Myanmar anti-coup protesters use unusual means to get message across, Latest World News - The New Paper
World

Myanmar anti-coup protesters use unusual means to get message across

This article is more than 12 months old

Anti-coup hackers target Myanmar government sites while defiant driversstopvehicles in middle of road

YANGON: In addition to the thousand who took to the streets yesterday, protesters have come up with some unusual ways to get back at the military for the Feb 1 coup that toppled Ms Aung San Suu Kyi's civilian government.

One way is to hack the government's websites.

A group called Myanmar Hackers disrupted websites including those of the Central Bank, the Myanmar military's propaganda page, state-run broadcaster MRTV, the Port Authority, and the Food and Drug Administration.

"We are fighting for justice in Myanmar," the group said on its Facebook page. "It is like a mass protesting of people in front of government websites."

Cyber security expert Matt Warren from Australia's RMIT University said it was likely the aim was to generate publicity.

"The sorts of attacks they would be undertaking are denial of service attacks or defacing websites, which is called hacktivism," he told AFP.

"The impact will be potentially limited, but what they are doing is raising awareness."

Another way to get at the junta? Leave your vehicle on the road so it blocks military ones.

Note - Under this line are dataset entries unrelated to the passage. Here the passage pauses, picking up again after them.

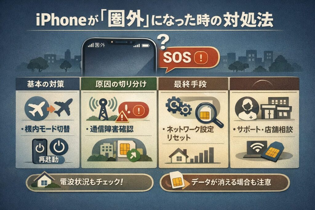 iPhoneが突然「圏外」になった時の対処法!モバイル通信を復活させる手順と原因の切り分け方
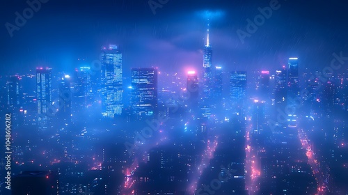 © Warakorn, Fototapeta premium IoT devices communicating through long-range networks, seamless data connections, urban landscape with digital technology overlays
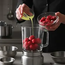 Do blendera wrzuć umyte i oczyszczone truskawki (300 g), dodaj 60 ml soku z cytryny i — jeśli chcesz słodsze purée — 2-3 łyżki przygotowanego i ostudzonego syropu (ok. 30-45 ml). Miksuj na najwyższych obrotach przez 30-60 sekund aż do uzyskania gładkiej, jednolitej konsystencji. Jeśli nie masz blendera, użyj tłuczka lub widelca i dokładnie rozgnieć truskawki w misce.
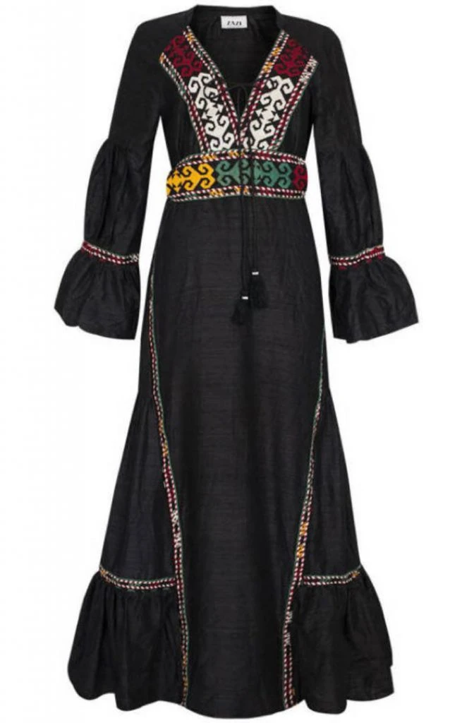 Es negro, largo midi, con mangas abullonadas rematadas en volados, escote en V, y con bordados multicolores étnicos. Tiene la falda ligeramente acampanada y dos grandes volados en el ruedo. Es una pieza exclusiva y de edición limitada
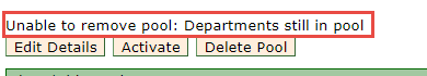 Delete pool will only be possible if all departments have been removed from the pool first, if they have not been removed you will receive an error message:
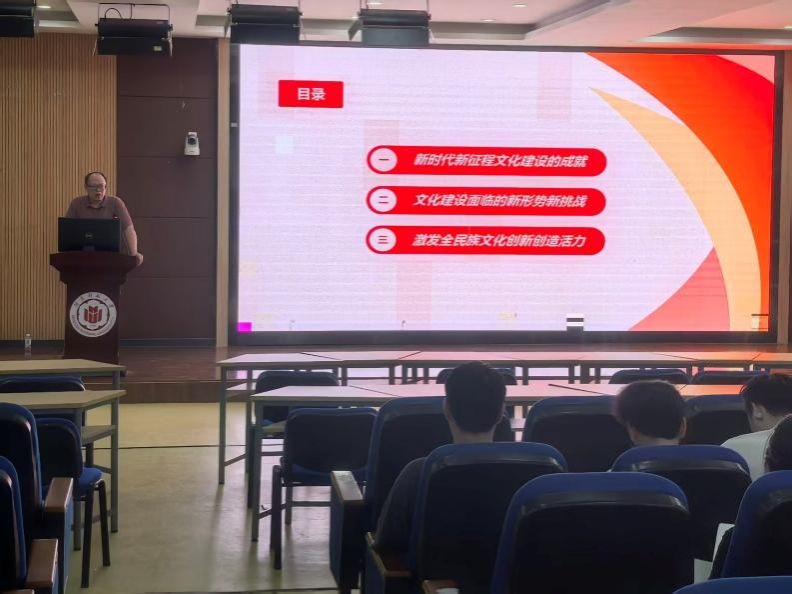 10月20日,院党委副书记、院长黄韩亮以《增强文化自信,激发全民族创新创造活力》为题,为我院22级、24级统计学专业学生讲授形势与政策课。
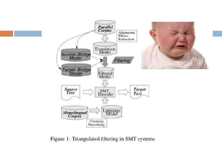 Triangulation Look at source-target phrase pair (S, T) S => X, T => X, S => T (keep) S => X, T => Y, S =/> T (drop) S => ? , T => ? , ? ? ? (keep)

At first glance, it looks as if motorists in Myanmar's largest city have collectively forgotten how to drive - streets are choked with overturned auto-rickshaws, stalled buses, cement trucks, cars and taxis.

But the traffic blockage on Yangon roads over the past two days has actually been a part of a disruption campaign by protesters in the hope of hampering movements of the security forces around the city.

Peak hour yesterday morning saw city roads turn into car parks as motorists stopped their vehicles in the middle of the road, with bonnets of some left open in pretence that the vehicles have broken down.

"We are participating in this 'broken-down car campaign' because we want to support the (civil servants) and also because we are proud of them," truck driver Phoe Thar told AFP.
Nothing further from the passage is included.